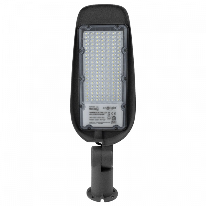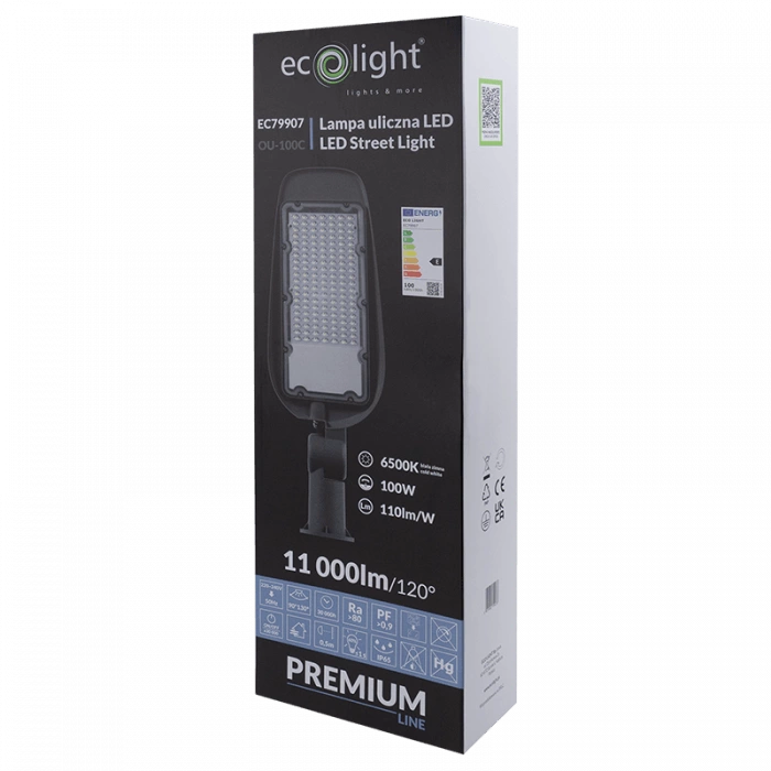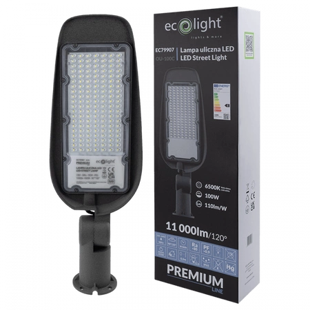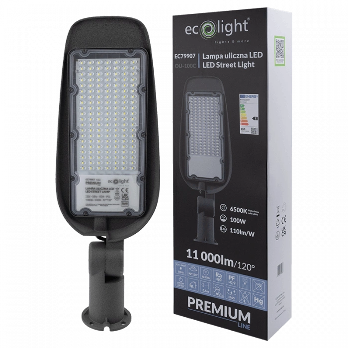 Lampa uliczna drogowa LED 100W marki Ecolight to niezawodne i wydajne rozwiązanie oświetleniowe przeznaczone do użytku zewnętrznego. Wyposażona w diody LED typu SMD, zapewnia intensywne światło o strumieniu świetlnym 11000 lm i skuteczności 110 lm/W. Chłodna biała barwa o temperaturze 6500K gwarantuje wyraźne i przyjemne dla oka oświetlenie, idealne do zastosowań na terenach przemysłowych, ulicach czy parkingach. Dzięki solidnemu wykonaniu z aluminium w kolorze szarym, lampa charakteryzuje się dużą wytrzymałością i eleganckim wyglądem, odporna na trudne warunki atmosferyczne dzięki wysokiemu stopniowi ochrony IP65 oraz wytrzymałości IK08 na uszkodzenia mechaniczne.
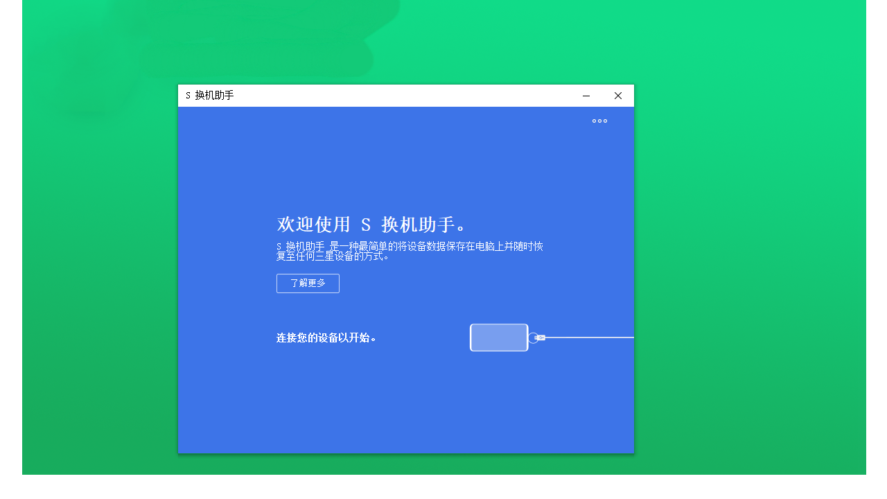 在电脑上运行S 换机助手软件,并使用USB线缆将您的全新三星设备与电脑相连。
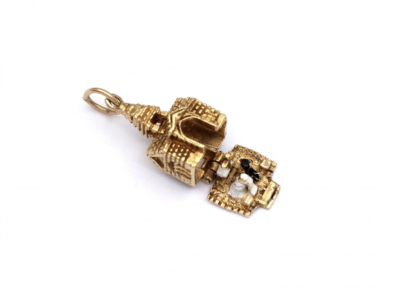 1974 church charm with a hidden bride and groom in 9kt yellow gold. Hallmarked 9kt gold, London, 1974.
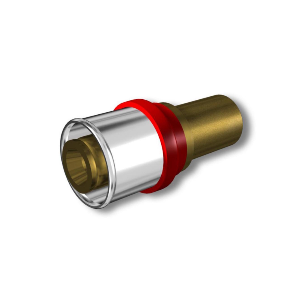 Preskobling til samling af PE-rør. Denne serie omfatter både PressPex-koblinger til universalrør (grå plastring) og PE-M, PE-X-rør (rød plastring). Dimension 25 x 2,3/2,5 til PE-M, PE-X-rør er med rød plastring.
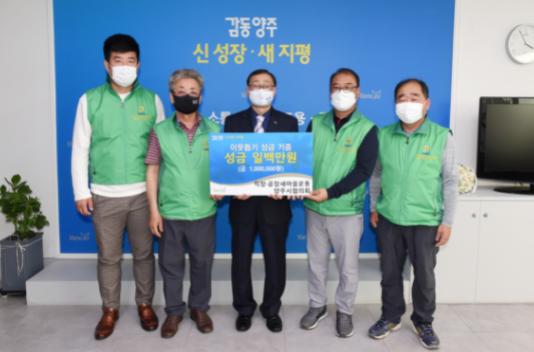 양주시는 지난 2일 직장·공장 새마을운동 양주시협의회(회장 오수영)에서 양주시청을 방문해 관내 소외되고 어려운 이웃들을 위해 써달라며 성금 1백만원을 기부했다고 밝혔다.
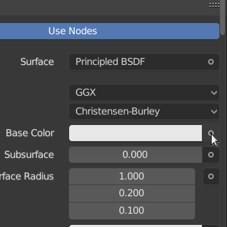 - In the list of properties, locate "Base Color" and a small circle to its right:
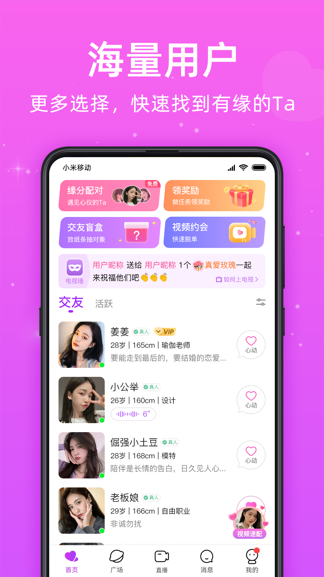 1、支持“缘分配对”与“视频速配”双重模式,系统基于地理位置、年龄、职业、兴趣爱好等多维度择偶条件,智能推荐高度契合的异性用户。匹配成功后即可一键发起聊天,沟通无障碍。部分活跃用户实现消息“秒回”,显著提升互动效率,让心动不再等待。
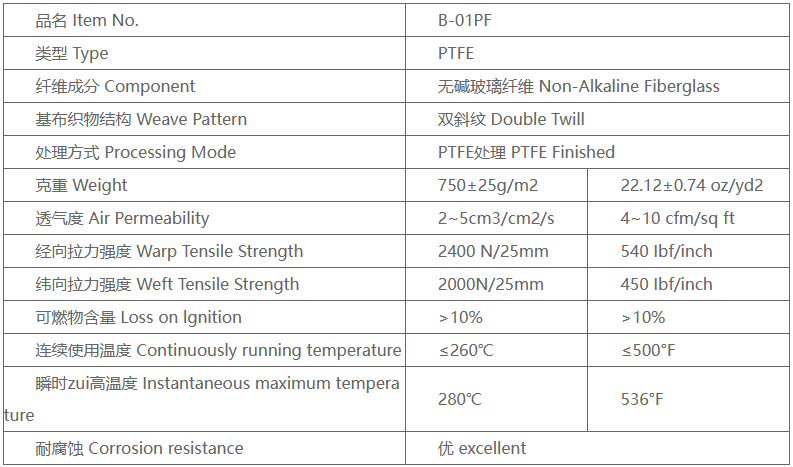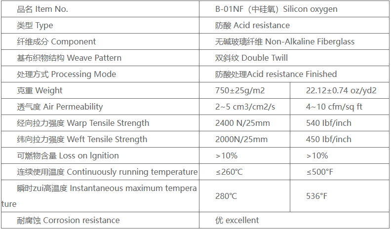 B-01NF玻纤滤料具有优良的耐热性,可在260°以下长期使用;机械强度高、伸缩率小。断裂强度一般在1300N以上,使用其制作的滤袋具有足够的抗拉强度和尺寸稳定性;同时具有优良的耐腐蚀性能,在酸、碱气体中均可以使用;表面光滑、透气性好、过滤阻力小,有利于粉尘剥离。
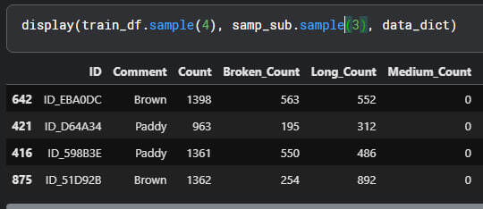 Color Counts sum up to Counts. However there are some rows that don't. There might be a normal rice count since most color counts are defects.
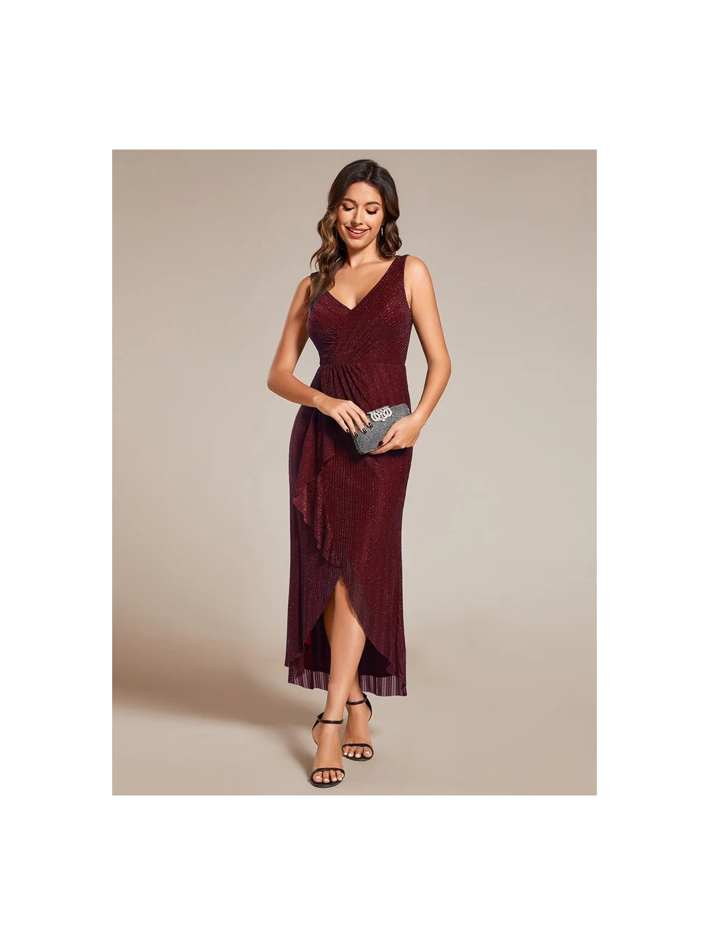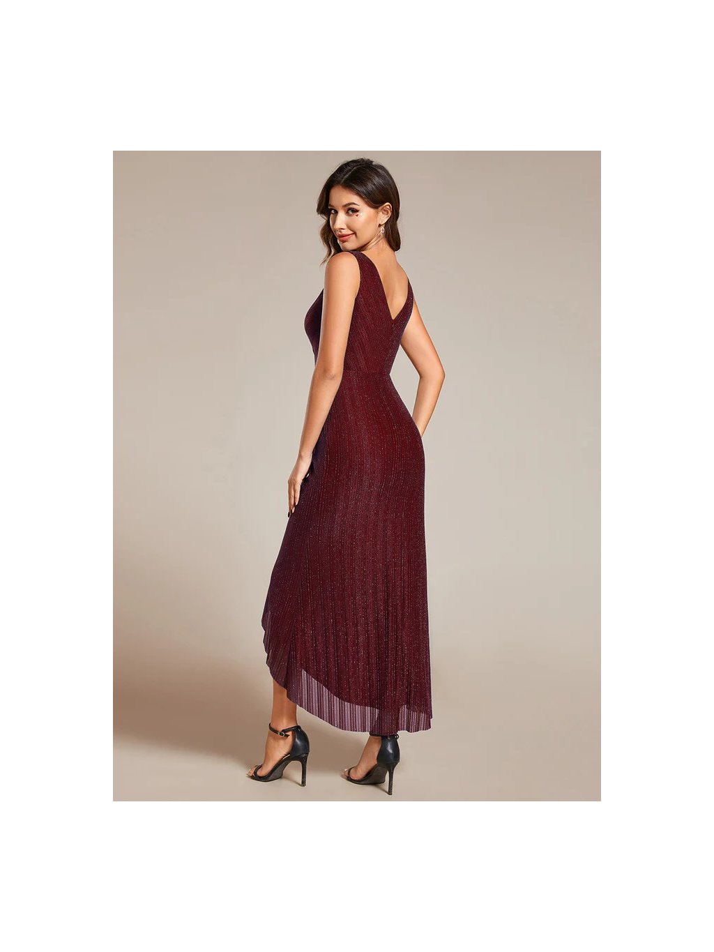 Luxusní šaty na ples, vhodné i do tanečních nebo na svadbu. Šaty jsou na široká ramínka. Na prsou i zádech mají hluboký véčkový výstřih. Jsou z velmi příjemného a lehkého materiálu.Třpitivé a od pasu ke kolenům nařasené.
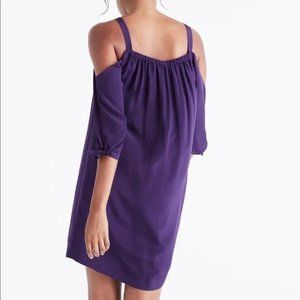 Madewell ~Rich Purple silk cold shoulder mini shift dress in size 0
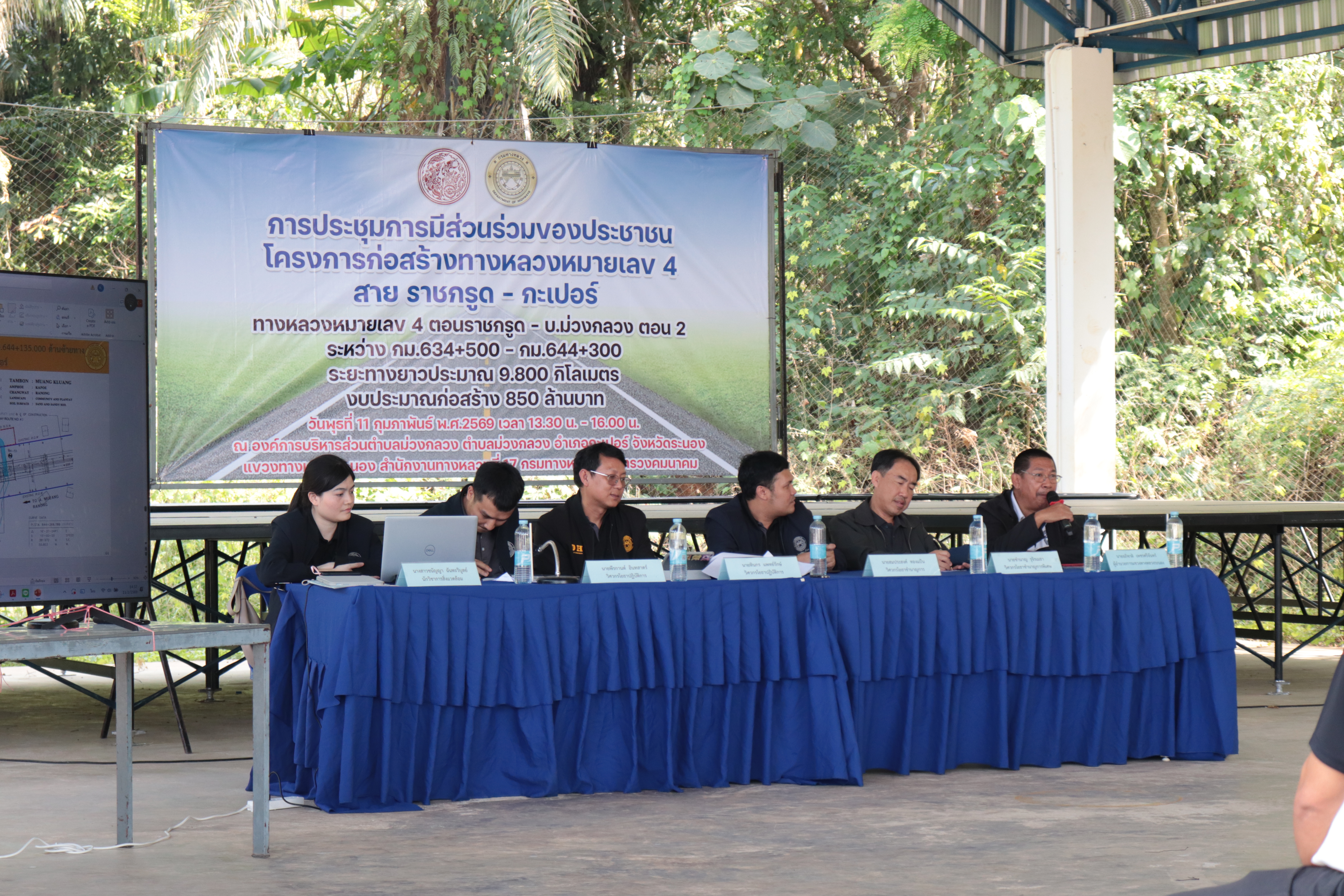 แขวงทางหลวงระนอง ดำเนินการประชุมการมีส่วนร่วมของประชาชน โครงการก่อสร้างขยาย 4 ช่องจราจร บนทางหลวงหมายเลข 4 สาย ราชกรูด - กะเปอร์ ตอน ราชกรูด - บ.ม่วงกลวง ตอน 2 ระหว่าง กม.634+500 - กม.644+300
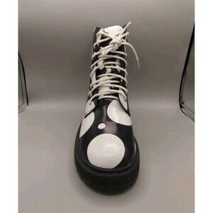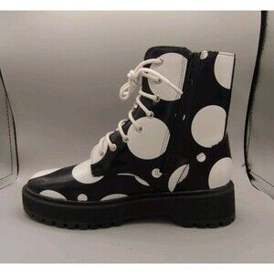 Allegra K Polka Dot Platform Combat Boots Women's Size 6 Black White Zip Up
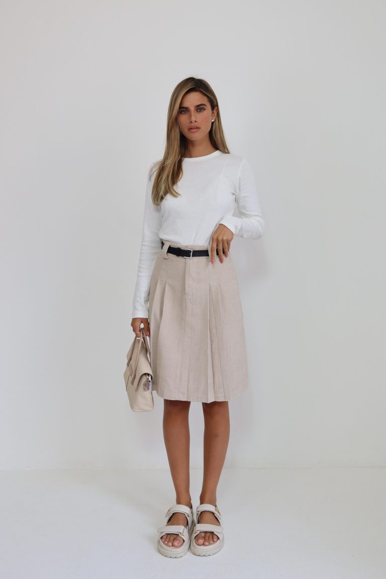 חצאית פליסה סריג שמנת
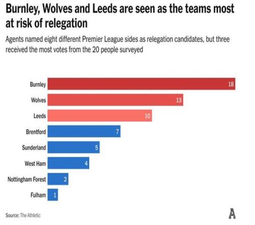 这也反映出狼队的负面情况,他们获得了第二高的降级票数(13票),仅次于伯恩利(18票)。“狼队现在太软弱了,而且他们失去了关键球员,”一位经纪人说。“那是一支会挣扎求存的阵容。”
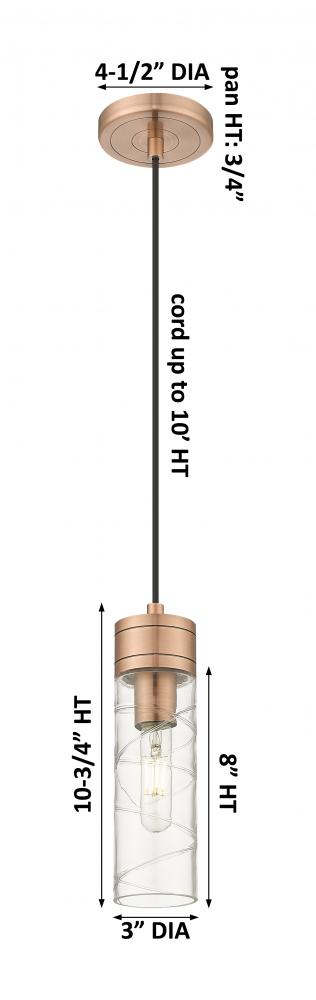 Boreas - 1 Light - 3 inch - Antique Copper - Deco Swirl Shade - Cord Hung - Mini Pendant
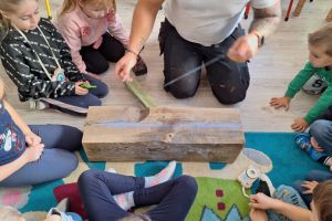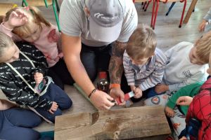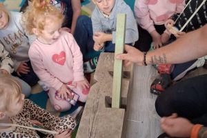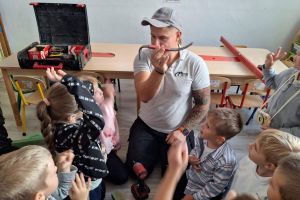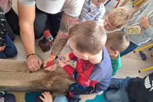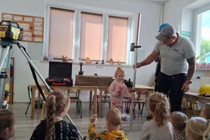 Dzięki uprzejmości Pana Andrzeja Bartosiewicza, przedszkolaki z Oddziałów Przedszkolnych z okazji Dnia Budowlańca miały możliwość zaznajomienia się z tym zawodem. Poznały urządzenia i narzędzia wykorzystywane na budowie, miedzy innymi: poziomice, projekty budowy, wkrętarki, miarki i wiele innych. Bardzo podobało się dzieciom wkręcanie i wykręcanie oraz wyznaczanie linii prostej za pomocą sznura traserskiego …
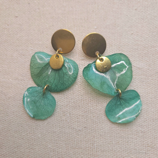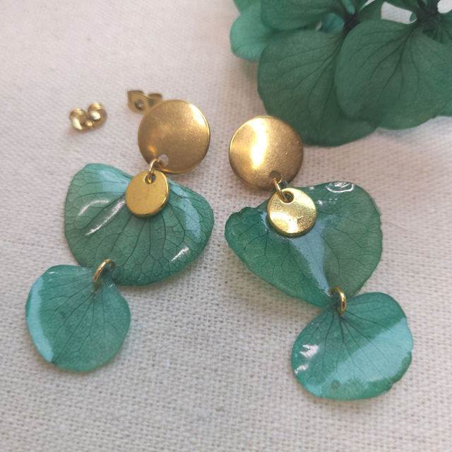 Les boucles d'oreilles sont fabriquées dans mon atelier avec des fleurs d'hortensia stabilisées trempées dans la résine ce qui lui apporte un effet brillant. Elles sont en acier inoxydable, les breloques sont en laiton.
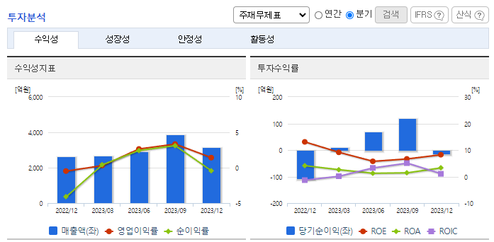 -2023년 9월 전년동기 대비 연결기준 매출액은 13.3% 감소, 영업이익은 39.6% 감소, 당기순이익은 34.1% 감소. 전년동기 대비 중국 LED업체들의 발주량이 30% 이하로 급감하였으며 중국 정부의 지원 축소로 인한 해외 수출부문에서의 매출액 감소. LG 디스플레이 및 LG 전자에 대한 영업확대 및 점유율 향상을 목표로 하고 있으며, 중국 및 일본 등 매출처 다변화를 목표로 영업 활동을 진행 중.
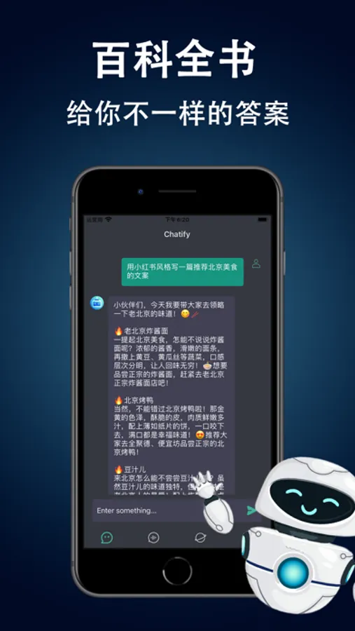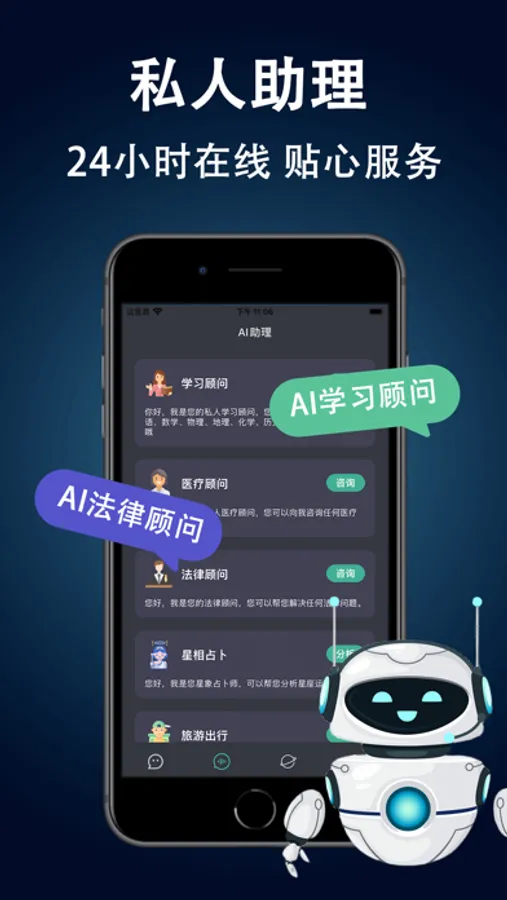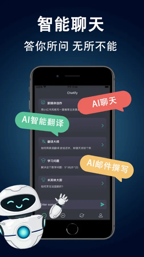 We have developed an intelligent chat robot using the latest and most advanced AI model. It can simulate human conversations and engage in natural and smooth communication with you. It can help you create and solve various life problems, providing you with a more efficient, intelligent, and personalized AI experience
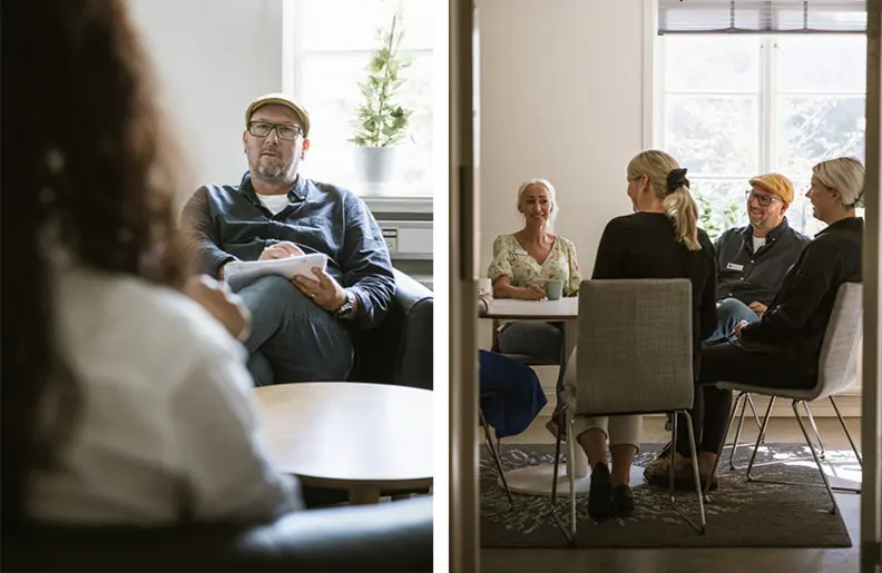 Du behöver vara samarbetsinriktad för att trivas här. Vi jobbar i team tillsammans med patienten. Teamet består av patienten själv, terapeuten, vår doktor och avdelningspersonalen och ska tillsammans bidra till att ha en gemensam bild av problematiken och fatta gemensamma beslut – om nästa steg, hur går vi vidare etc. Eftersom patienten bor på behandlingshemmet tillbringar hen merparten av sina timmar tillsammans med medpatienter och personal på avdelningen. Därför blir samarbetet med andra yrkeskategorier så viktigt, för att vi ska hålla samma röda tråd i arbetet med den enskilde patienten. Avdelningspersonalen är de som stöttar och arbetar med patientens svårigheter i det vardagliga, det som sker på avdelningen exempelvis i samband med måltider eller då patienten kämpar med att stå emot impulser av olika slag. Därför är det viktigt att vi är samspelta och drar åt samma håll.
------------------------------------------------------------
**Assignment:**
Output only the stretch above from the line with "Allegra K Polka" through the line with "Dzięki uprzejmości Pana", reproduced exactly. Exclude pictures.

**Response for this exercise:**
 Allegra K Polka Dot Platform Combat Boots Women's Size 6 Black White Zip Up
 חצאית פליסה סריג שמנת
 这也反映出狼队的负面情况,他们获得了第二高的降级票数(13票),仅次于伯恩利(18票)。“狼队现在太软弱了,而且他们失去了关键球员,”一位经纪人说。“那是一支会挣扎求存的阵容。”
 Boreas - 1 Light - 3 inch - Antique Copper - Deco Swirl Shade - Cord Hung - Mini Pendant
 Dzięki uprzejmości Pana Andrzeja Bartosiewicza, przedszkolaki z Oddziałów Przedszkolnych z okazji Dnia Budowlańca miały możliwość zaznajomienia się z tym zawodem. Poznały urządzenia i narzędzia wykorzystywane na budowie, miedzy innymi: poziomice, projekty budowy, wkrętarki, miarki i wiele innych. Bardzo podobało się dzieciom wkręcanie i wykręcanie oraz wyznaczanie linii prostej za pomocą sznura traserskiego …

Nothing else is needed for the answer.